Closed QuocNguyen799 closed 3 years ago
Encoding detection is not precise, especially given a single character. Do you have any specific question to iconv-lite here?
On Fri, Jul 30, 2021, 01:14 QuocNguyen799 @.***> wrote:
I want to encode this charater to Shift JIS: 髙 const encoded = iconv.encode('髙', "Shift_JIS") But i receive EUCJP instead of SJIS when i detect the "encoded" above const detected = Encoding.detect(encoded);
— You are receiving this because you are subscribed to this thread. Reply to this email directly, view it on GitHub https://github.com/ashtuchkin/iconv-lite/issues/270, or unsubscribe https://github.com/notifications/unsubscribe-auth/AAEZKHIHVNNCUFLC4QG666DT2IYKRANCNFSM5BHZPCZQ .

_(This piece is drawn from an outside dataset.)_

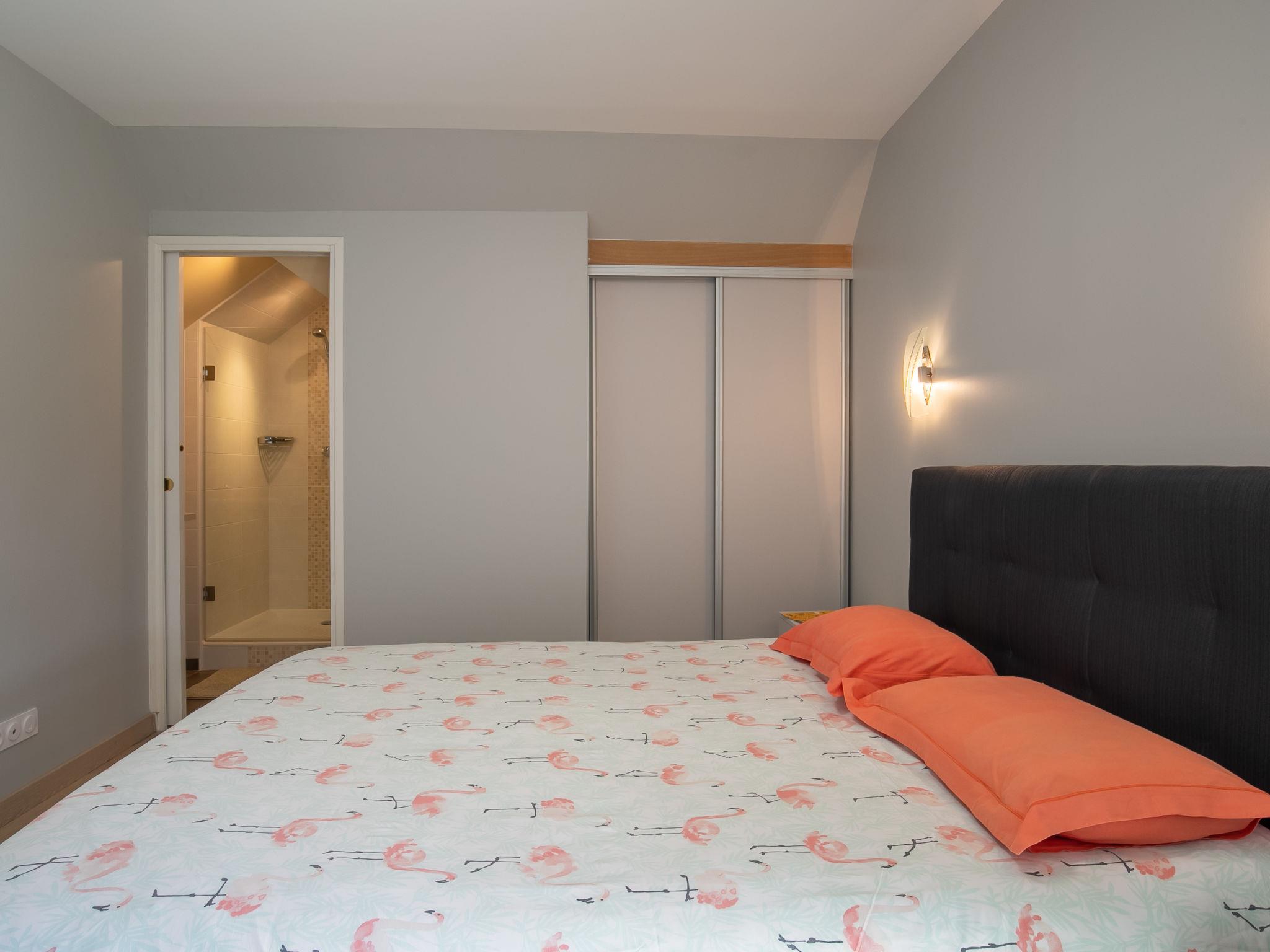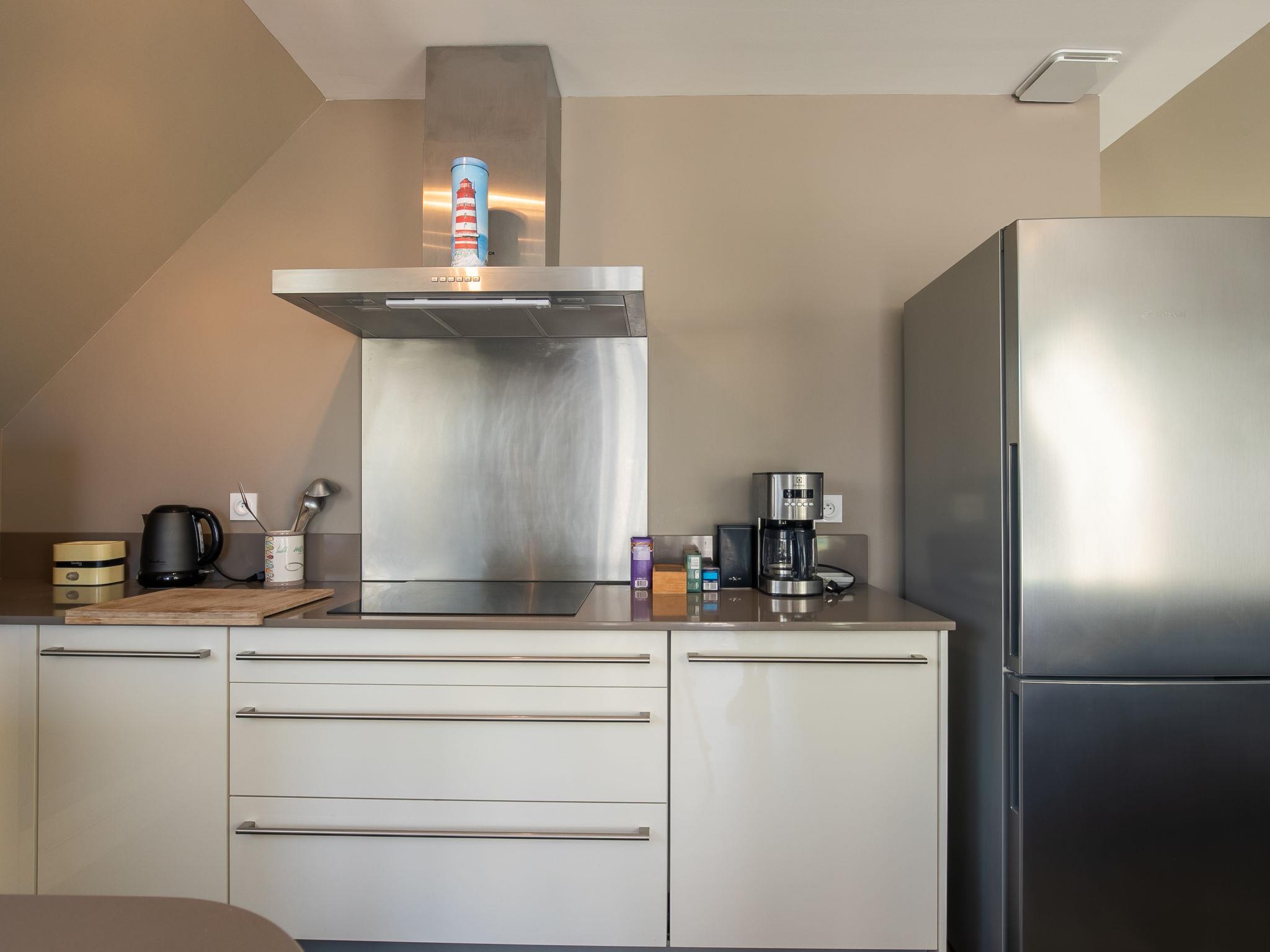 "Les Chardons Bleus 2", 4-Zimmer-Wohnung 90 m2, im Obergeschoss. Komfortabel und geschmackvoll eingerichtet: abgeschrägtes Wohn-/Esszimmer mit Esstisch und Sat-TV (Flachbildschirm). Ausgang zum Garten, zum Balkon. 1 abgeschrägtes Zimmer mit 1 franz. Bett (160 cm). 1 abgeschrägtes Zimmer mit 2 Betten. Offene Küche (Backofen, Geschirrspüler, 3 Induktionskochplatten, Toaster, Wasserkocher, Mikrowelle, Tiefkühler, elektrische Kaffeemaschine). Dusche, sep. WC, Doppelwaschbecken. E-Heizung. Grosser Balkon 30 m2, Rasen 300 m2. Balkonmöbel, Gartengrill (mobil), Liegestühle (3). Seitliche Sicht auf das Meer. Zur Verfügung: Waschmaschine, Bügeleisen. Internet (WLAN, gratis). Bitte beachten: Nichtraucher-Unterkunft. Eigener Eingang, Rauchmelder. Zusätzlich buchbar: Zimmer bis zu 2 Personen mit Bett 1,60m x 2,00m und privater Dusche/WC, siehe Nebenkosten.

Thanks for your reply, but it's not just that the detection is not precise, the encoding is also incorrect. This character 髙 should be '3f' when convert to shift_jis.
3f
in Shift_JIS is just question mark "?". I assume it means that the script you're referring to doesn't know how to encode this character.
Also not sure where you're getting 8de8. On my machine I get bytes 0xFB 0xFC:
> iconv.encode('髙', "Shift_JIS")
<Buffer fb fc>
Checking in a recent browser that supports https://encoding.spec.whatwg.org/ (the main standard that iconv-list follows), I see that this is indeed a correct encoding:
let dec = new TextDecoder("Shift_JIS");
let buf = Uint8Array.from([0xfb, 0xfc]);
document.body.innerText = dec.decode(buf); // shows "髙"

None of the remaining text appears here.